5.2.23
10/01/2022

[#297] Cannot properly parse xhtml-im using gloox
Summary Cannot properly parse xhtml-im using gloox
Queue gloox
Queue Version SVN
Type Enhancement
State Unconfirmed
Priority 1. Low
Owners
Requester pulkomandy (at) gmail (dot) com
Created 02/13/2022 (230 days ago)
Due
Updated 02/13/2022 (230 days ago)
Assigned
Resolved

History
02/13/2022 07:31:10 PM pulkomandy (at) gmail (dot) com Comment #2 Reply to this comment
I made it work by making the Tag::NodeList class public and exposing 
an API to access the nodes. Then I can iterate on them in the correct 
order.

You can find this patch here: 
https://github.com/haikuports/haikuports/blob/master/net-libs/gloox/patches/gloox-1.0.24.patchset#L102
02/13/2022 05:26:40 PM pulkomandy (at) gmail (dot) com Comment #1
State ⇒ Unconfirmed
Priority ⇒ 1. Low
Type ⇒ Enhancement
Summary ⇒ Cannot properly parse xhtml-im using gloox
Queue ⇒ gloox
Reply to this comment
I am trying to parse XHTML-IM using Gloox.

I have a message that looks like this:

<html xmlns='http://jabber.org/protocol/xhtml-im'><body 
xmlns='http://www.w3.org/1999/xhtml'>[<span 
style='color:blue;'>HaikuArchives/Renga</span>] <span 
style='color:brown;'>pulkomandy</span> pushed <span 
style='color:green;'>1</span> commit to <span 
style='color:green;'>master</span> [+0/-0/±1] <span 
style='color:lightmagenta;'>https://github.com/HaikuArchives/Renga/compare/8d709ab45869...98879d2afdec</span></body></html>

gloox Tag representation for this is a Tag with a cdata string 
containging " "[]  pushed  commit to  [+0/-0/±1]", and 5 children for 
the first level spans.

There is no info allowing to know where the spans should be inserted 
in the cdata string.
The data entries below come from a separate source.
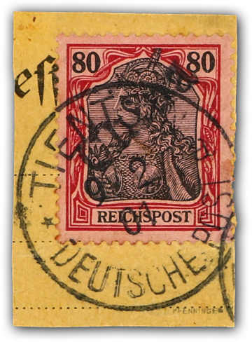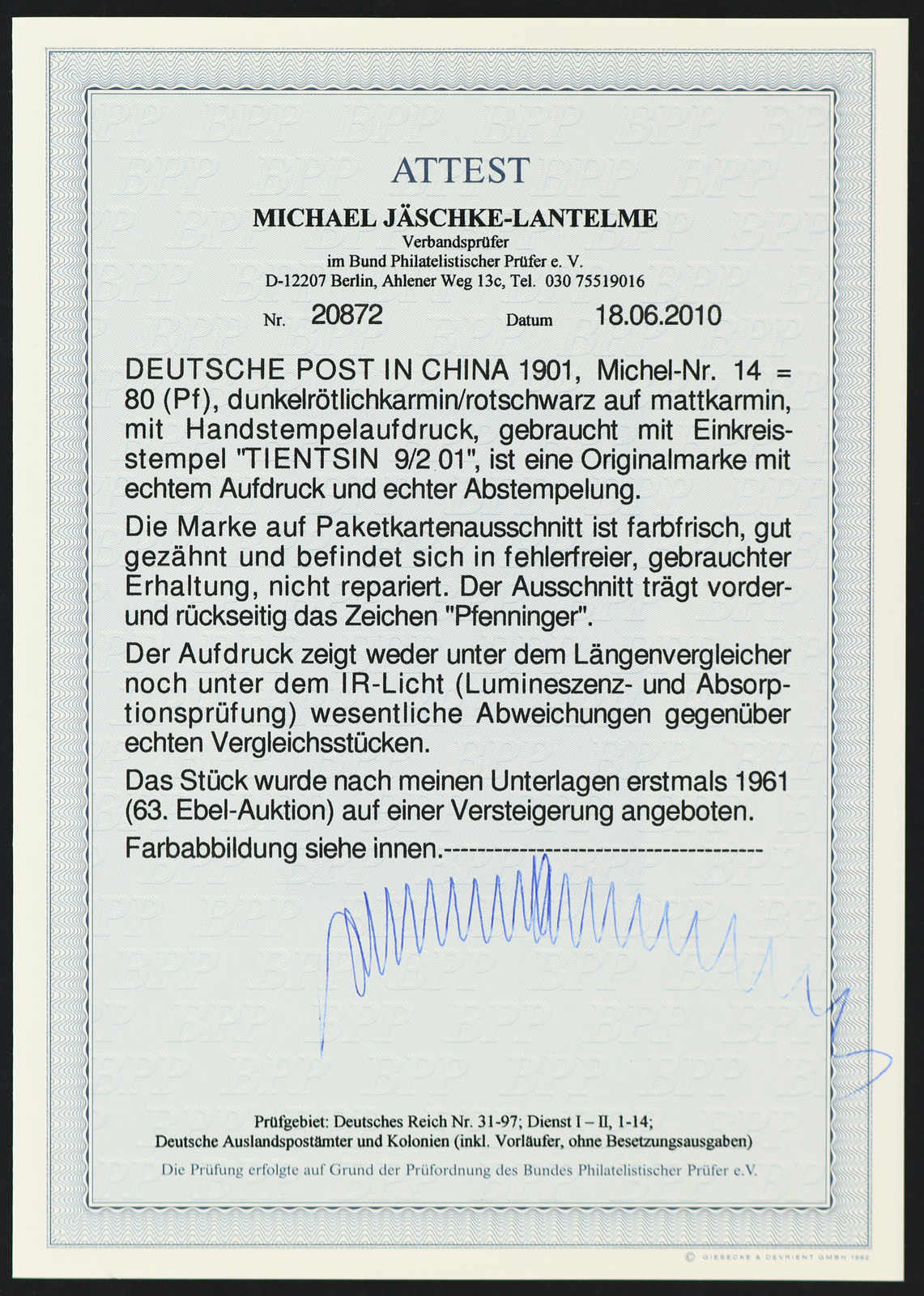 1901, 80 Pfg. dunkelrötichkarmin/rotschwarz auf mattkarmin mit Handstempelaufdruck, sauber gestempelt "TIENTSIN 9/2 01" auf Paketkartenausschnitt, farbfrisch, einwandfrei, signiert Pfenninger, Fotoatteste Pfenninger und Jäschke-Lantelme
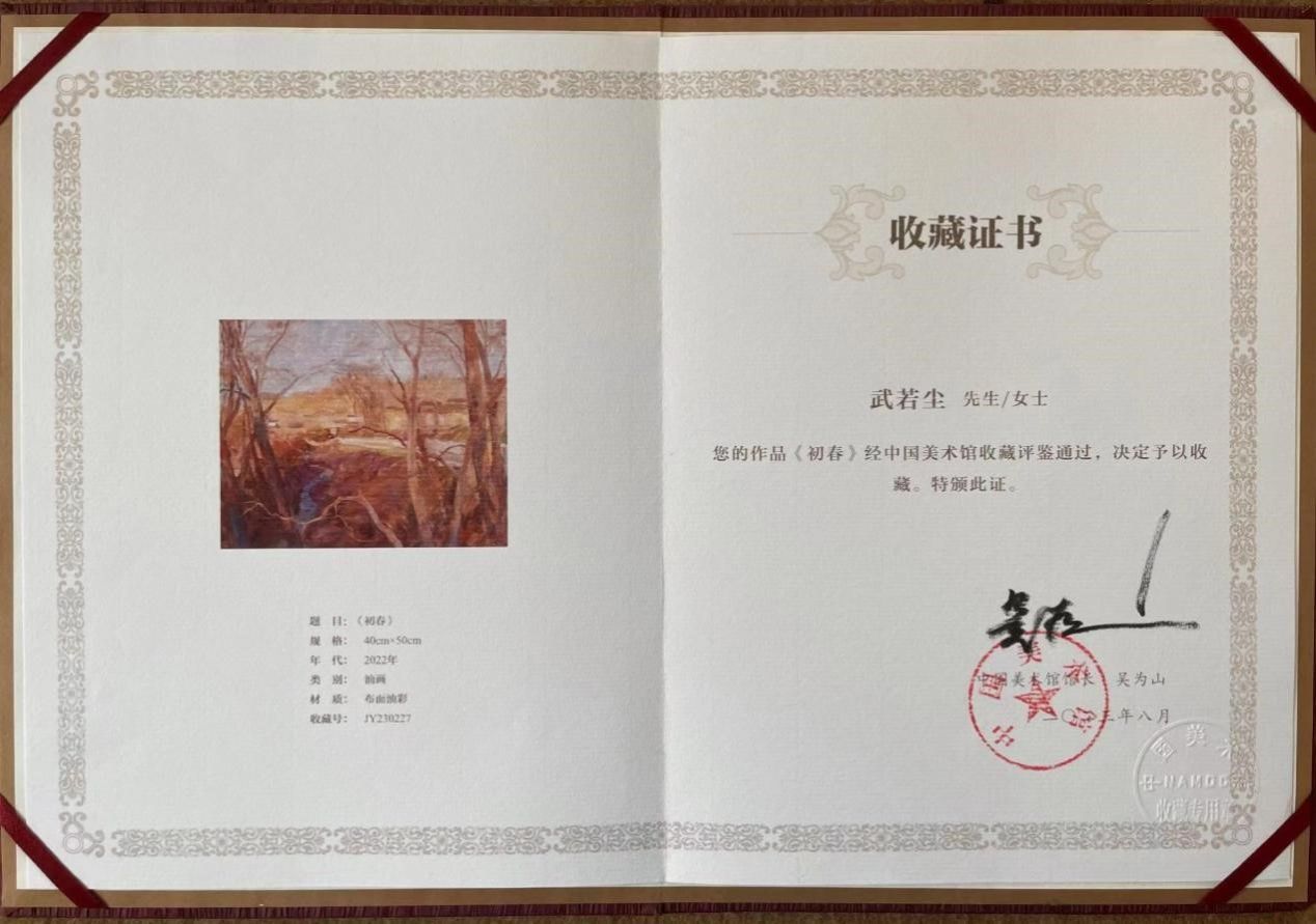 在中国美术馆今年初举办的“全国小幅美术精品展览”中,肉视频 教师武若尘的油画作品《初春》参展,并被陈列在中国美术馆一楼的精品展区,展览闭幕后中国美术馆收藏了这幅作品。在完成历时半年多的作品收藏相关流程后,武若尘老师于近日收到了作品收藏证书。该作品进入国家美术馆的馆藏序列,体现了肉视频 教师艺术创作实践的新突破。
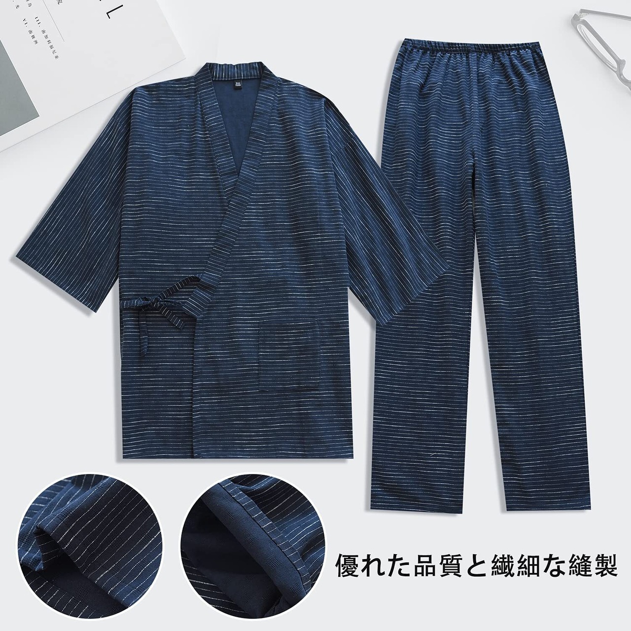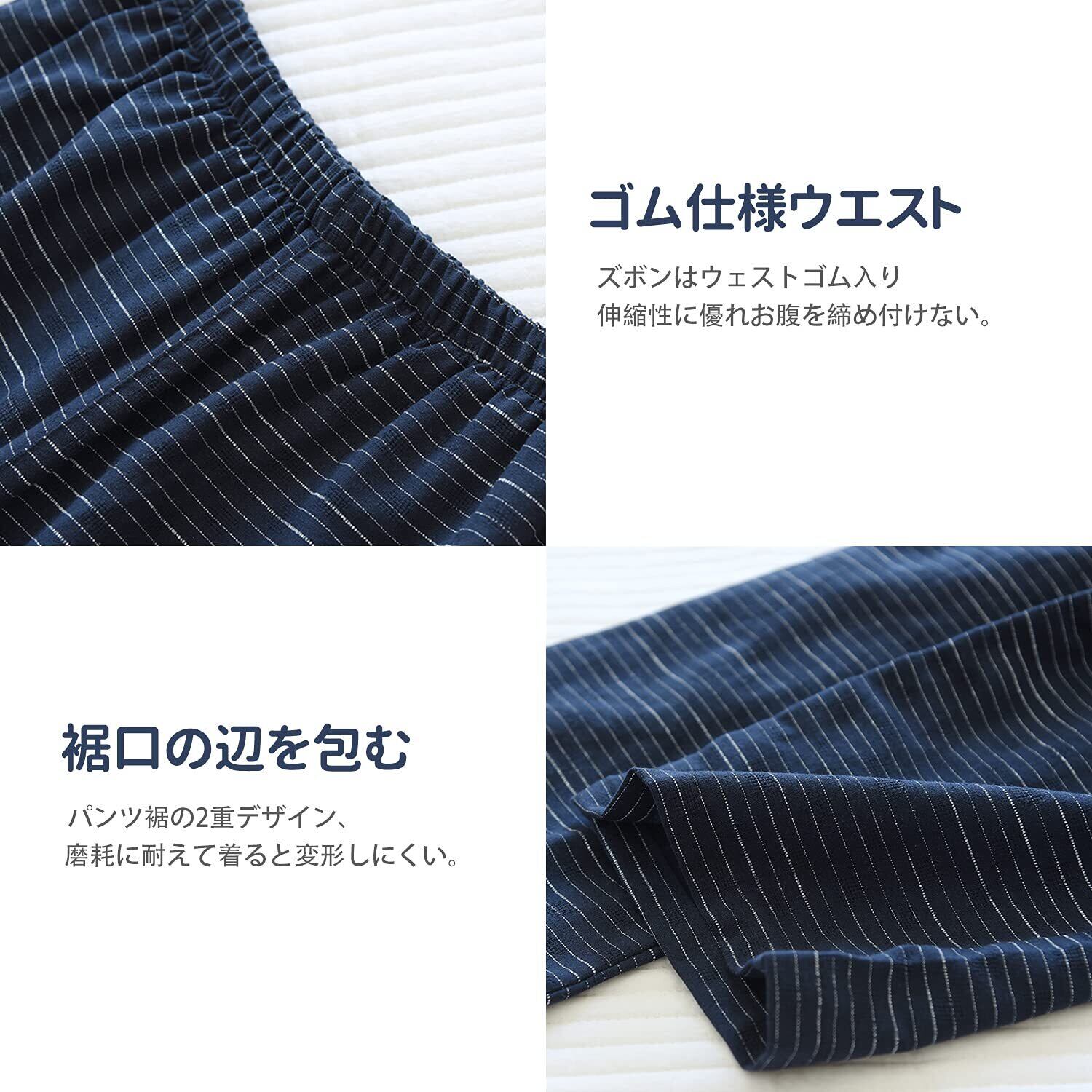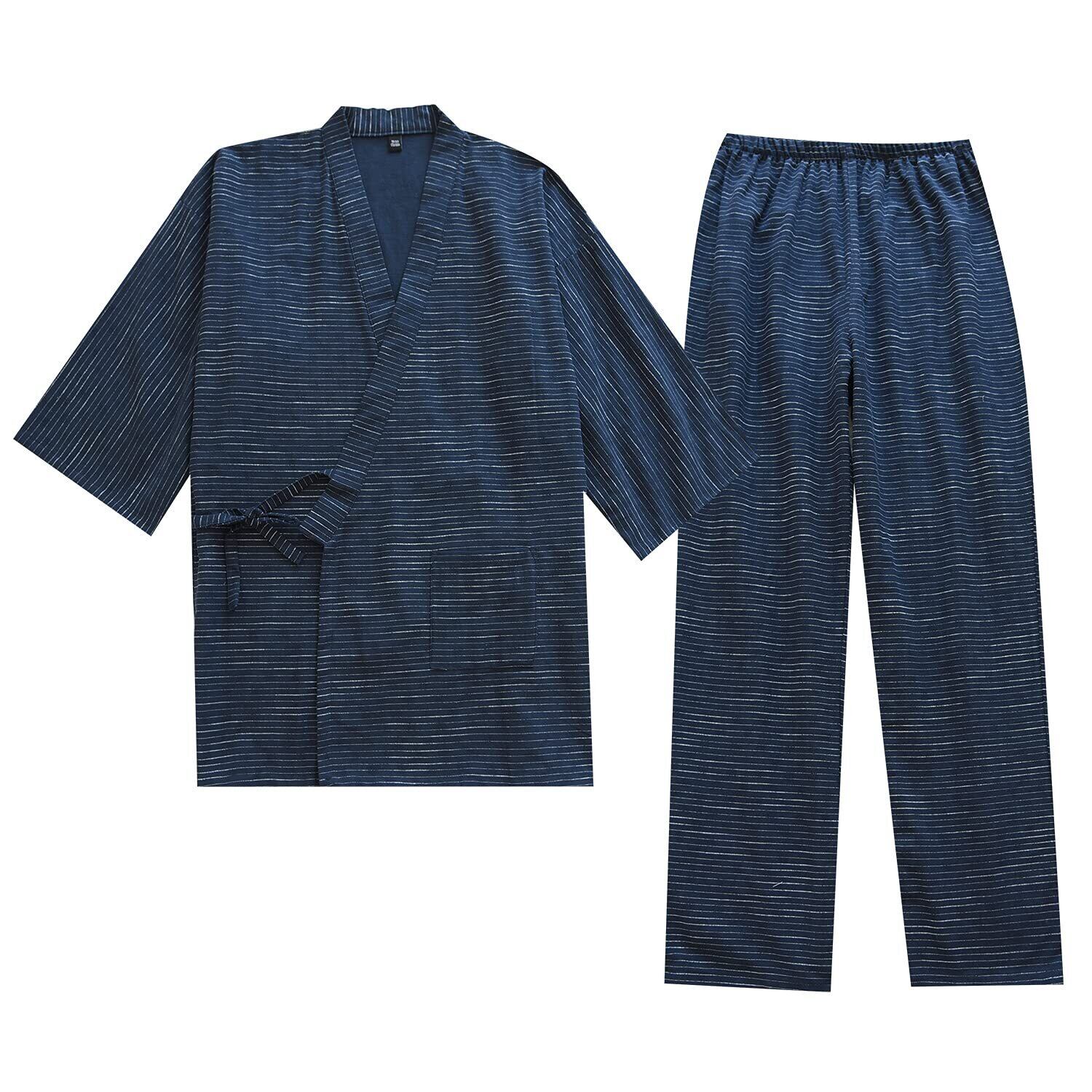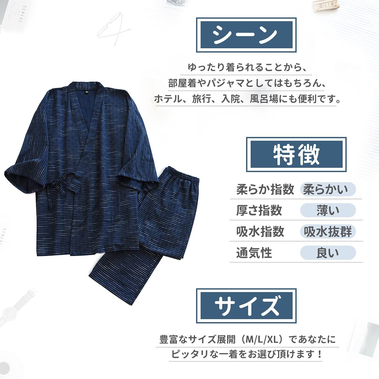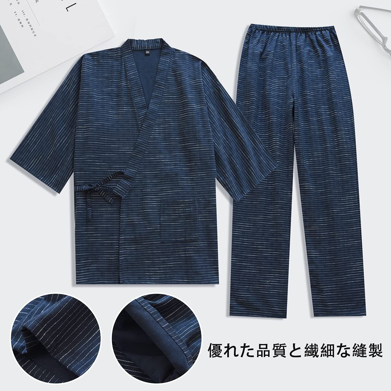 [Comfort U] 作務衣 メンズ 浴衣 甚平 7分袖 寝間着 綿100% 二重ガーゼ メンズのパジャマ セット 紳士甚平 縞模様 通気性 吸汗 和柄 和服 春夏用 ルームウェア ポケット付き 父の日 贈り物 (XL, ブルー)
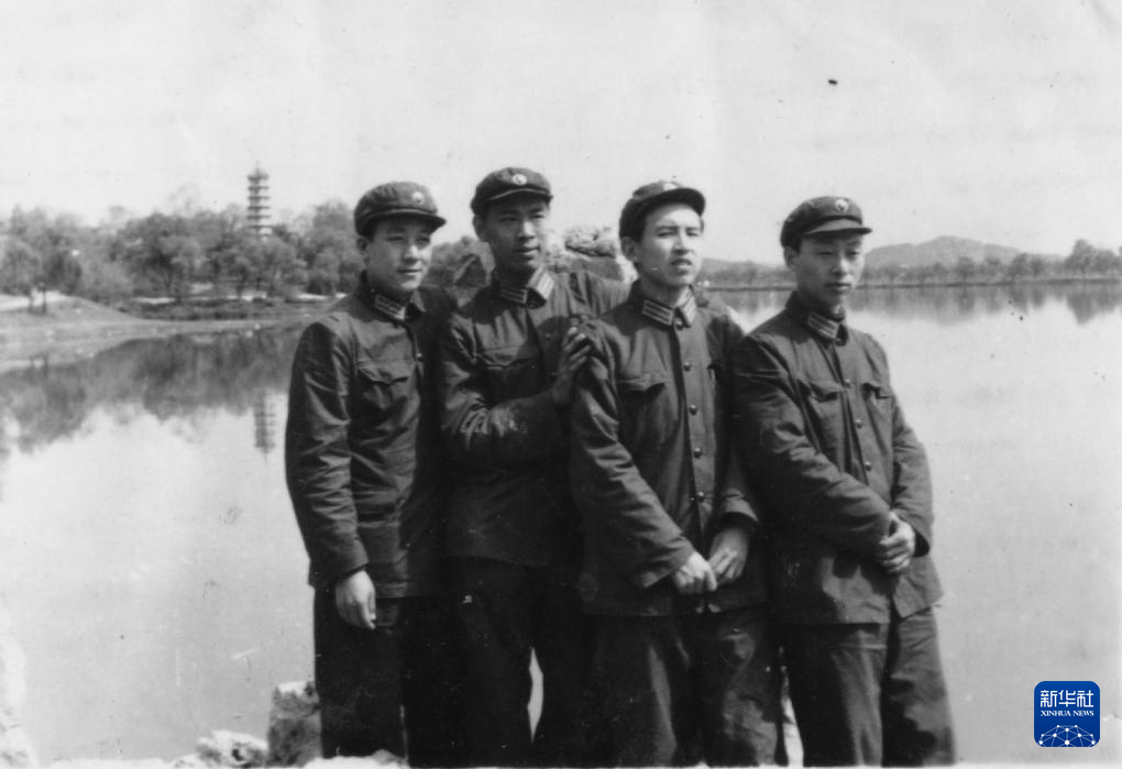 1962年,王小謨(左二)參軍分配后和戰(zhàn)友合影(資料照片)。新華社發(fā)(中國電子科技集團有限公司電子科學(xué)研究院供圖)
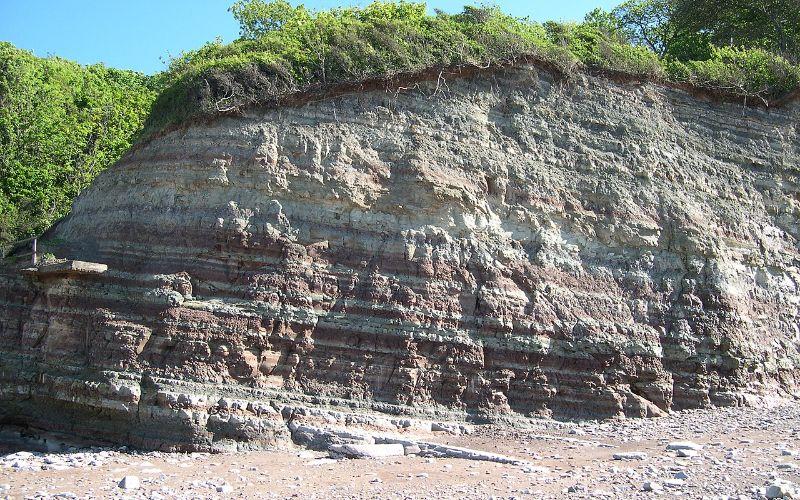 Capas de roca sedimentaria del Triásico en St. Audrie’s Bay, cerca de West Quantoxhead, en Somerset, Inglaterra. Fuente: Margaret W. Carruthers (mwcarruthers) https://www.flickr.com/people/64167416@N03/, CC BY 2.0, Wikimedia Commons
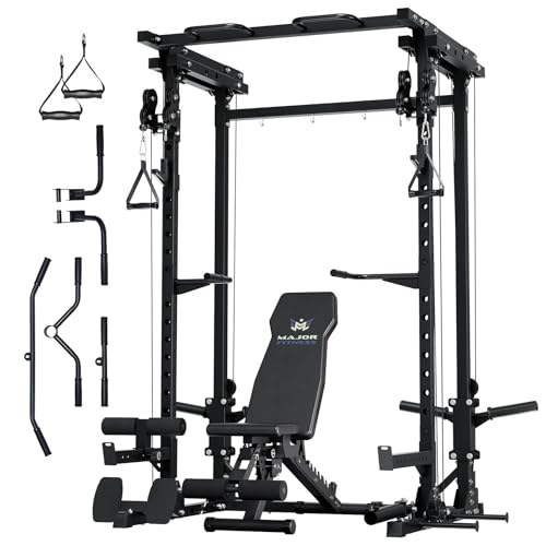 MAJOR FITNESS F22 Multi-Functional Power Rack—1600lbs Capacity All-in-One Squat Rack with Dual Pulley System for Home Gym Strength Training

So I don't know how to rebuild the correct 
message from this. It looks like the Tag class may store the cdata as 
separate strings for each piece, but even that may not be enough, as I 
don't know if I have to start the message with a cdata or a span.

Do I need to use a separate XML parser for the XHTML handling? This is 
a bit unfortunate.